Reproducimos el valioso y emocionante testimonio de Mercedes, profesional sanitaria, en el acompañamiento al final de la vida en el nuevo escenario de la Ley de Eutanasia.

 

Ella no era vulnerable.

No, al menos, más que cualquiera de nosotros.

Su voluntad era firme y de ella provenía la certeza de que cuando las personas nos encontramos en una situación de desventaja física o psíquica irreversible, no nos convertimos automáticamente, en seres débiles y desvalidos.

Ella me enseñó que no, que la dependencia de otras personas, las limitaciones y otras amenazas a las que nos obligan muchos padecimientos, no señalan nuestro grado de vulnerabilidad. Me enseñó que cuando tenemos el control de nuestra vida y podemos decidir entre opciones significativas y válidas, no somos personas vulnerables sino enérgicas y decididas.

Ella tuvo el coraje y la humildad de entregar a la médica que eligió, su médica de familia, una solicitud de ayuda a morir sabiendo que iniciaría una serie de encuentros en los que no solo se hablaría de su enfermedad y sufrimiento sino del significado de su propia vida y las razones por las que ésta se había transformado en una condena.

«¡No quiero ser condenada a vivir hasta que la muerte natural ponga fin a mis atroces padecimientos!”

La condena, para Ella, se alargó más de lo que los propios plazos obligan pues su médica de familia decidió objetar, al igual que el resto de médicos del centro al que pertenecía. Una mañana recibí la llamada de la directora médica de Atención Primaria ofreciéndome la posibilidad de ser la médica responsable. Exactamente me dijo: “Nos está soplando en el cogote”. Una persona que sopla en el cogote exigiendo que se hagan efectivos sus derechos no es una persona vulnerable.

Sin embargo, a quien hicimos vulnerable, fue a un paciente que días antes se suicidó violentamente a la espera de la designación de un médico responsable pues su médico decidió objetar. El paciente se citó con su médico el mismo día que la ley entró en vigor. No era vulnerable entonces. Había estado esperando la ley para que su solicitud, hubiera dado paso a la deliberación sobre aspectos concretos de su historia clínica y vital.

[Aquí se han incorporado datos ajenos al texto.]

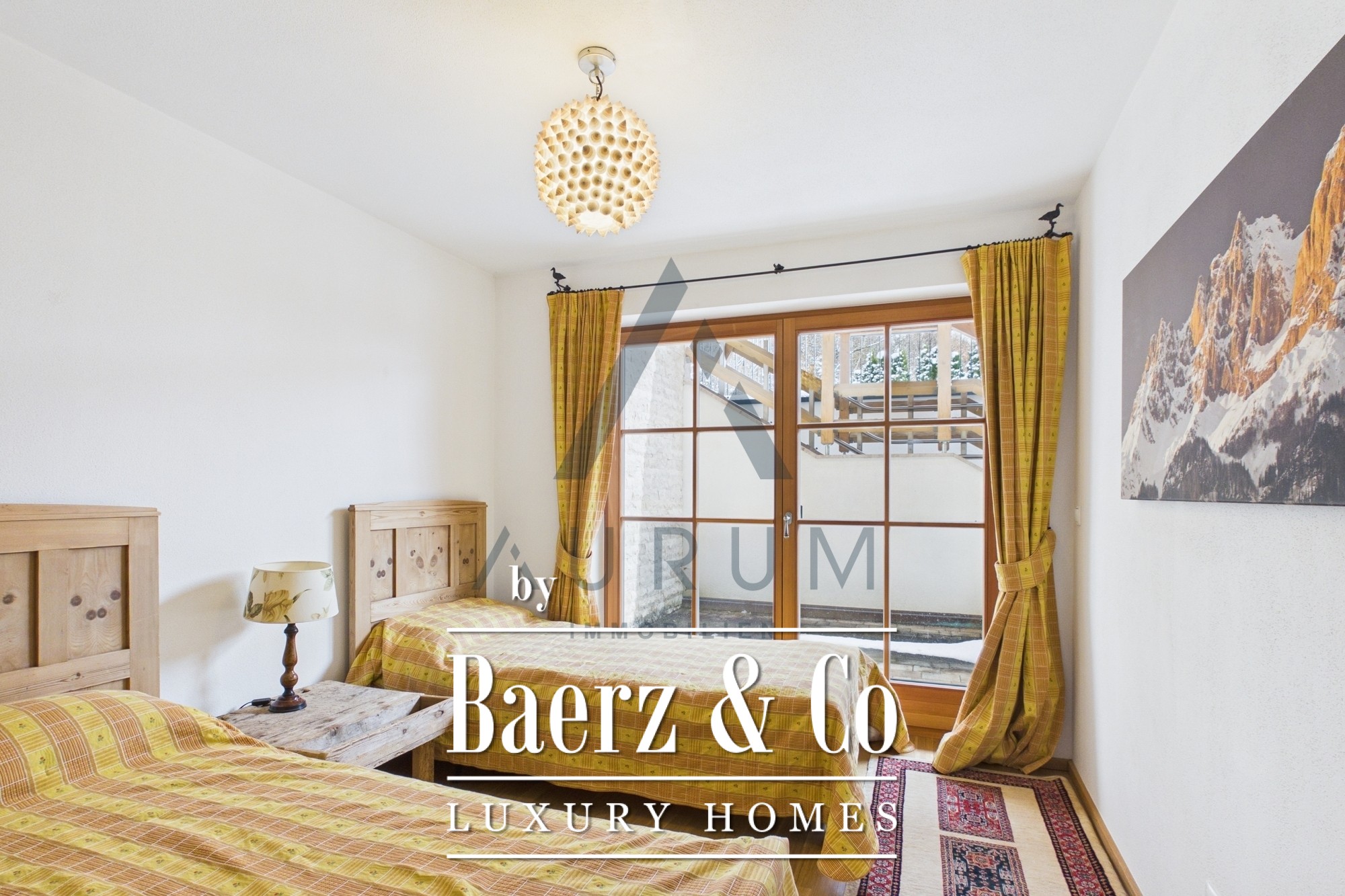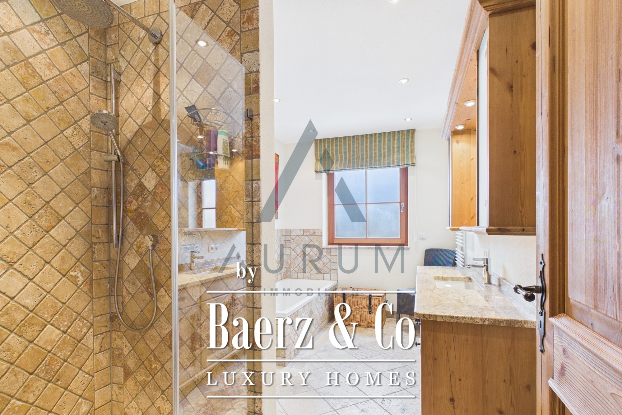 Practicality and refinement extend to a cloakroom, utility room, guests' WC, and external storage. Three carport parking spaces provide ease for arrivals and departures. The penthouse maisonette opens onto panoramic alpine vistas stretching from the Hahnenkamm range to the Hohe Salve. With the Kitzbühel-Kirchberg ski area at your doorstep and Kitzbühel only 6 km away, the rhythm of mountain living is defined by utmost privacy, quality, and timeless outlook.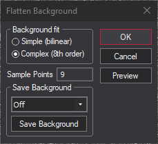 You must place at least four samples before background flattening can occur. With fewer samples, attempts to update the Preview Image and/or the Full Screen preview are ignored, and clicking OK displays the error message "You must select at least 4 background points". For Simple (bilinear) mode, locations near the corners of the image are recommended. In Complex (8th order) mode, you will typically need eight or more points, more or less uniformly distributed. Good results can often be obtained by operating with Auto Full Screen preview enabled, and adding new samples in the lightest and darkest areas of the interim image. For critical work, you should set the Screen Stretch to High or to Manual with the Minimum and Maximum settings close together so as to exaggerate contrast.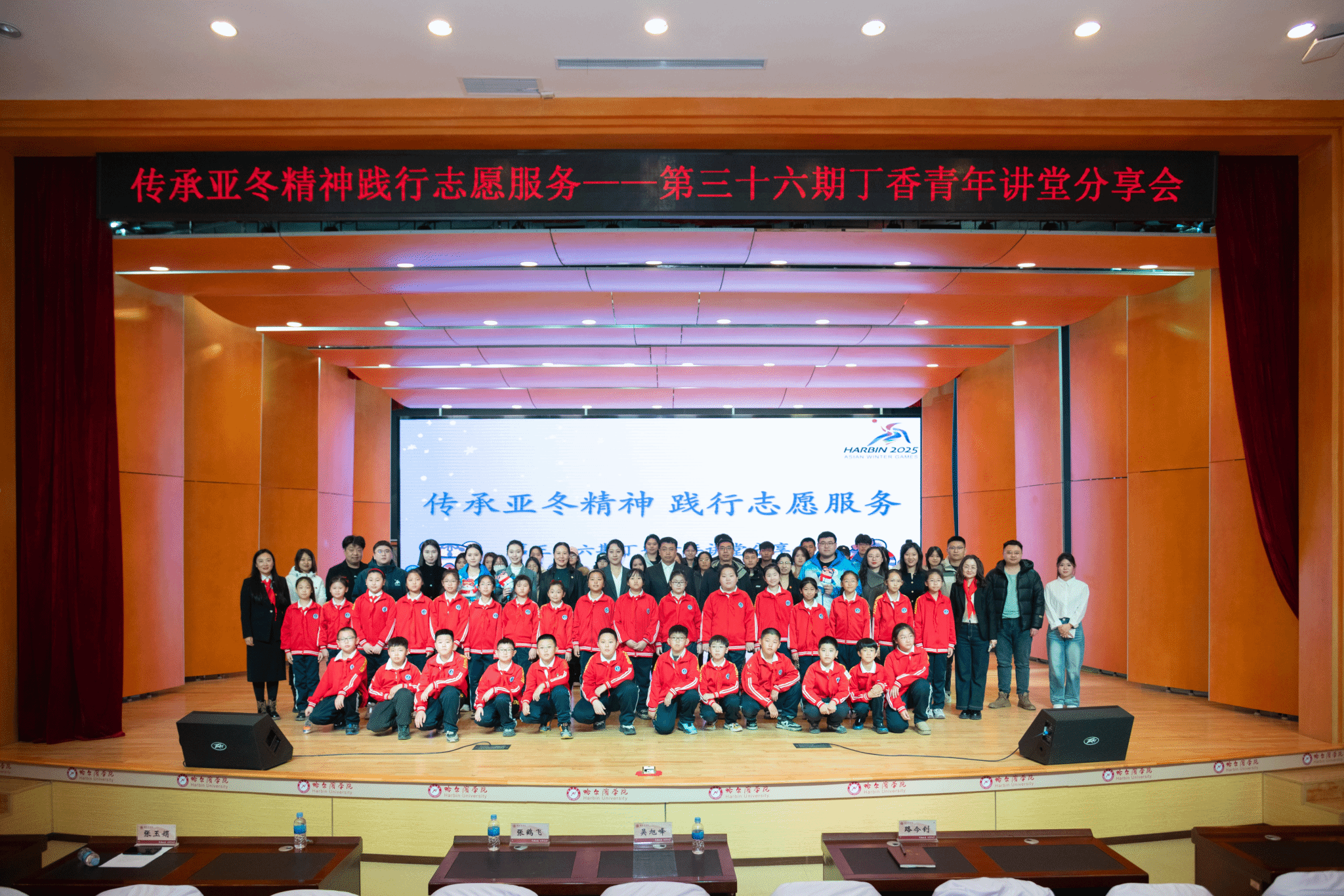 (文/张玉娟)志愿精神映照青春风采,服务社会彰显时代担当。3月7日,哈尔滨学院第三十六期丁香青年讲堂在小音乐厅成功举办。本期讲堂以“传承亚冬精神 践行志愿服务”为主题,讲述志愿者们在2025年第九届亚洲冬季运动会中的服务经历,展现新时代青年的责任与担当。校党委委员、副校长吴旭峰,团省委少年部副部长、黑龙江省少先队总辅导员张鹤飞,哈尔滨学院实验小学校校长赵文哲出席活动,校团委书记路今钊,副书记张玉娟,各学院分团委书记,哈尔滨学院实验小学校师生代表,校青年学生代表200余人参加本次活动。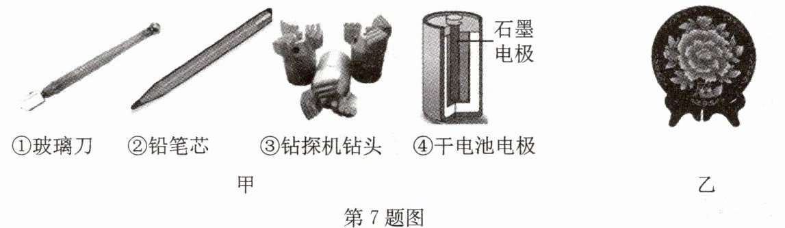 (1)如图甲,在各物体的用途中,利用了石墨能导电的是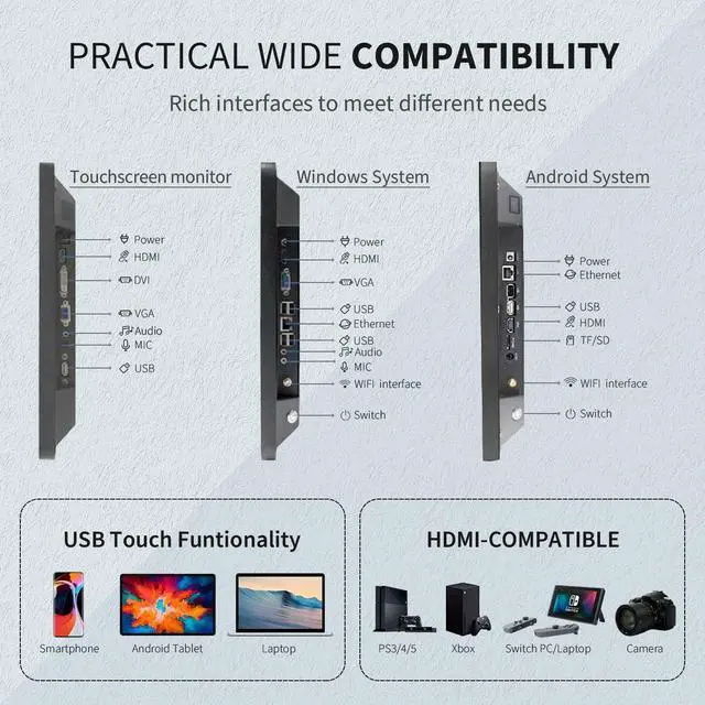 Multifunction Smart PC: can be used as a CCTV monitor for security cameras, menu screen for restaurant or used as part of a POS system. Ideal for industrial touch display, offices, retail, restaurants, bars, gyms, warehouses, etc ^^ Plug and

Pero la solicitud no fue ni autorizada ni denegada sino abandonada… Tres meses después de aquel día se suicidó. Me pregunto dónde y cuándo surge la vulnerabilidad de las personas que solicitan morir por eutanasia.

Volvamos a Ella. Acepté ser su médica responsable. Supongo que lo que aceptaba era el reto de mirarla a los ojos y acoger su relato para comprender la dimensión de su demanda. Acoger el re- lato es la única manera de acompañar a una persona que decide.

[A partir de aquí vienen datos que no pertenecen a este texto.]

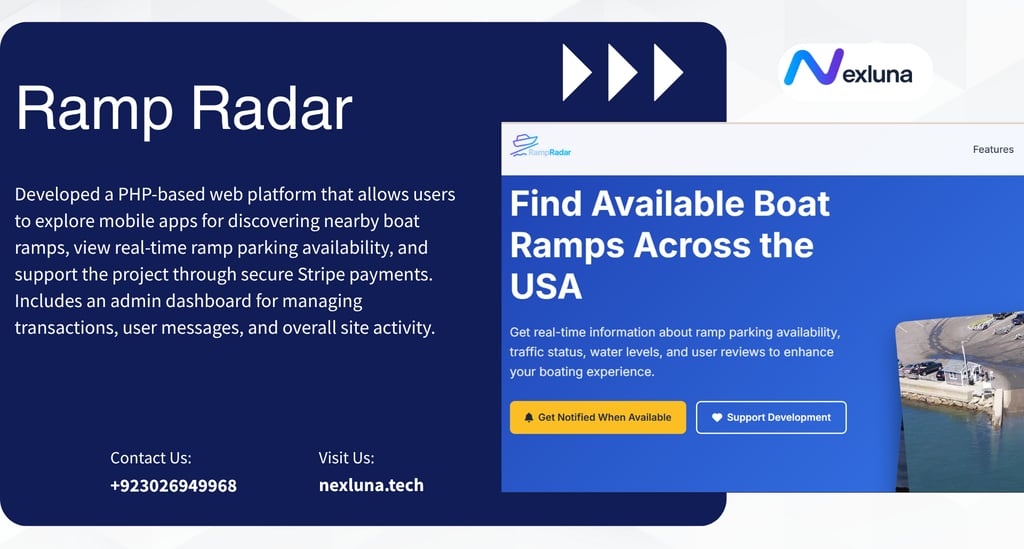 Developed a PHP-based web platform that allows users to explore mobile apps for discovering nearby boat ramps, view real-time ramp parking availability, and support the project through secure Stripe payments. Includes an admin dashboard for managing transactions, user messages, and overall site activity.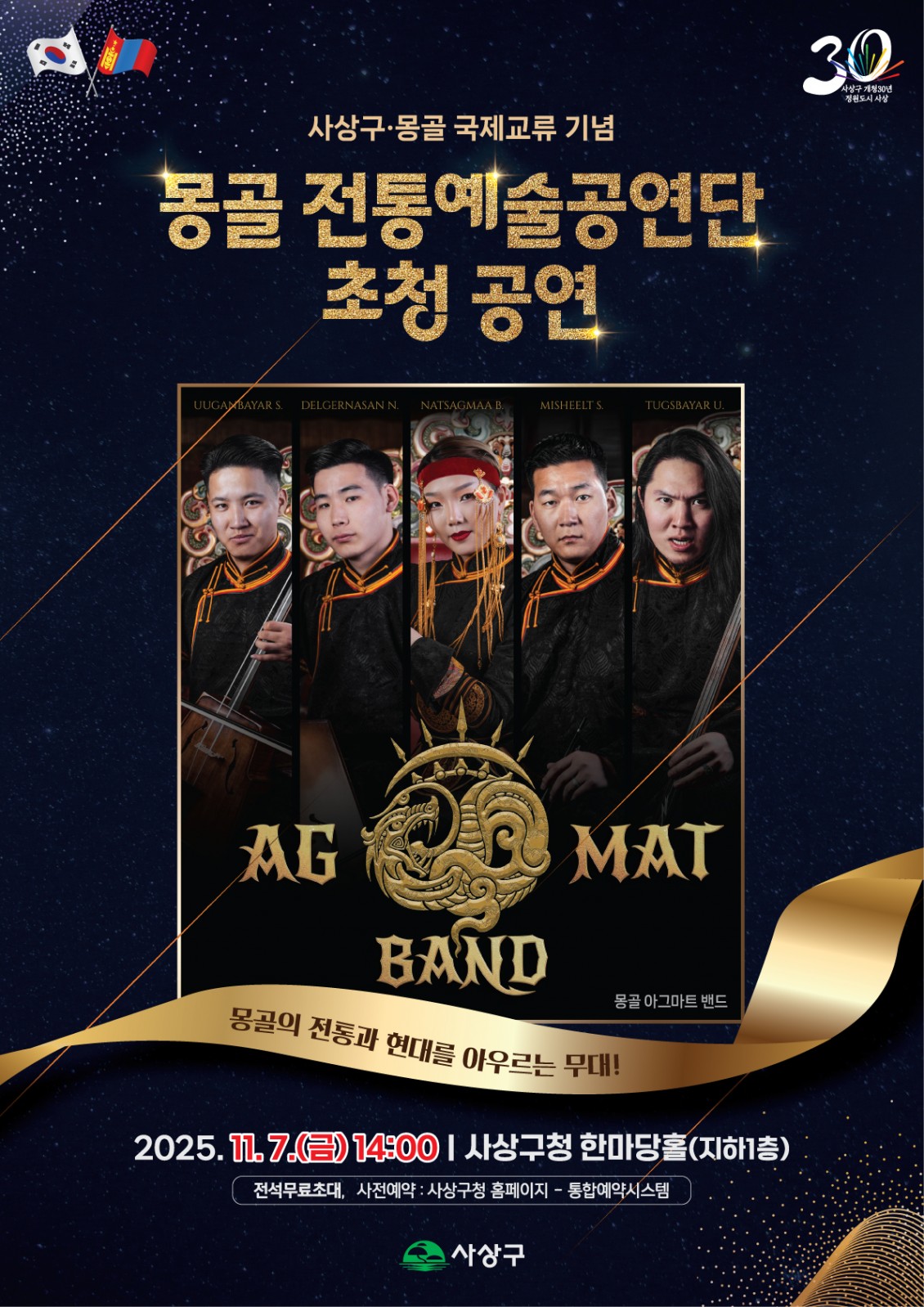 몽골 전통예술공연단 초청 공연 사상문화원 0 111 11.03 11:32 * 사상구, 몽골 국제 교류 기념 <몽골 전통예술 공연단 초청 공연>* 일시 : 2025년 11월 7일 14:00* 장소 : 사상구청 한마당홀 (지하 1층)* 입장료 : 전석 무료 (사상구청 홈페이지 사전예약)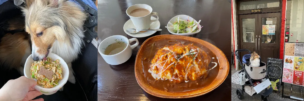 大きなオムライスとわんちゃん用ごはんを並べて、一緒にランチを満喫しました🍴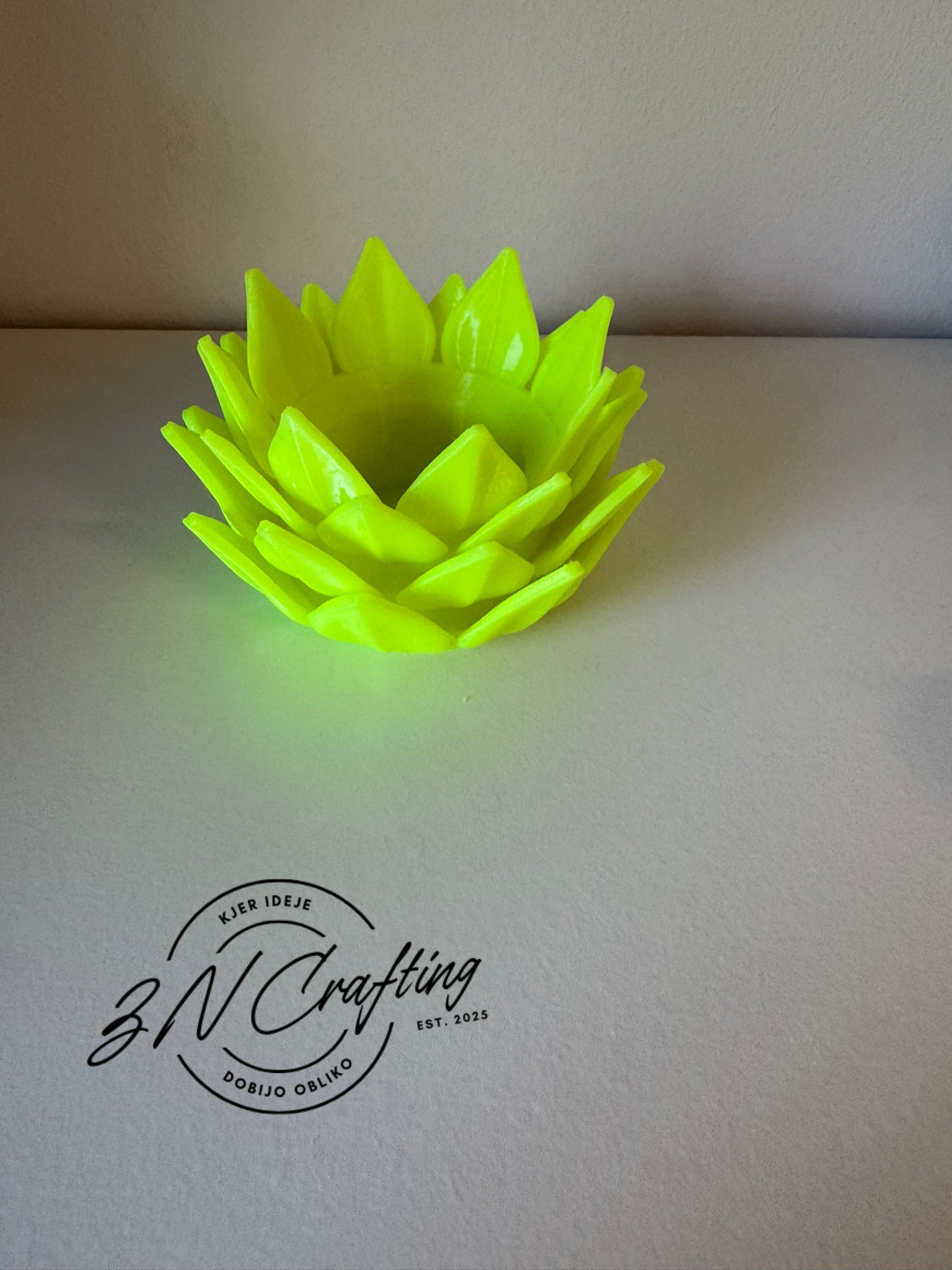 Sijoči Lotos je svečnik, ki s svojo cvetlično obliko in toplino svetlobe vnese čarobnost v vsak prostor. Navdihnjen s simbolom notranjega miru in ravnovesja, je popoln za večerne meditacije, sproščene trenutke ali romantične večerje. Ko vanj postaviš svečko, njegov sij zasije kot cvet v zatonu dneva.

En seguida, llegó a mis manos desde la gerencia de AP, un sobre confidencial con la solicitud firmada por su médica de familia, un informe que ésta había realizado y un informe de la trabajadora social.

Ella no era, por tanto, paciente de mi cupo. Ni tampoco de mi zona. El primer contacto que tuvimos fue telefónico. Hablamos unos 15 minutos; me contó sobre el diagnóstico y el sufrimiento que experimentaba al tener que vivir con una limitación física progresiva que no le permitía disfrutar de sus personas queridas, trabajo y aficiones. Y también me comentó que llevaba mucho tiempo reflexionando sobre la manera de poner fin a su sufrimiento, incluso valoraba la opción del suicidio violento.

“Lo que para mí es vida, ha muerto ya”.

Concretamos una cita, tres días después, en su domicilio para lo que tuve que bloquear mi agenda desde las 11:30 de la mañana en adelante. Desde que entregó la primera solicitud a su médica de familia, habían pasado 20 días, por lo que, a la vez que se mostraba contenta y agradecida de que alguien se hiciera cargo de su solicitud, lamentó la demora pue suponía tres días más de tortura para Ella.

“Me siento víctima de una tortura diaria”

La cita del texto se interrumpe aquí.